Exercise => Identify the line with "dual color LEDs"; copy word for word that line and every one after it, to the end of the listing. Exclude pictures.

Exercise data =>
····················

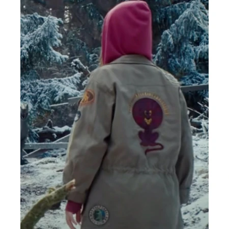 - Design: The jacket features a practical design with multiple pockets, reminiscent of Maisie's on-screen attire. It also includes a hoodie, offering added versatility and style.
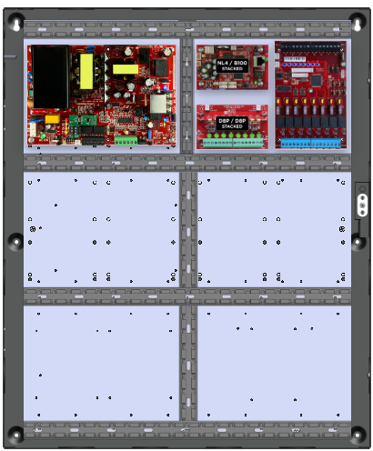 • 2 x D8P (16 Auxiliary Outputs) 2.5A Class 2 Power Limited Outputs, dual buss voltage selection by zone, OutSmart dual color LEDs
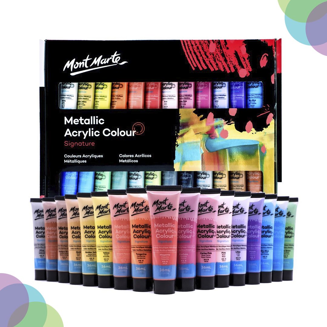 Mont Marte Metallic Acrylic Intro Set 8 x 18ML, Mont Marte Metallic Acrylic Paint Set 12 X 36ML, Mont Marte Metallic Acrylic Paint Set 24 X 36ML, Mont Marte Metallic Acrylic Paint Set 36 X 36ML, Mont Marte Metallic Acrylic Paint Set 8 x 36ML

····················

Written answer =>
 • 2 x D8P (16 Auxiliary Outputs) 2.5A Class 2 Power Limited Outputs, dual buss voltage selection by zone, OutSmart dual color LEDs
 Mont Marte Metallic Acrylic Intro Set 8 x 18ML, Mont Marte Metallic Acrylic Paint Set 12 X 36ML, Mont Marte Metallic Acrylic Paint Set 24 X 36ML, Mont Marte Metallic Acrylic Paint Set 36 X 36ML, Mont Marte Metallic Acrylic Paint Set 8 x 36ML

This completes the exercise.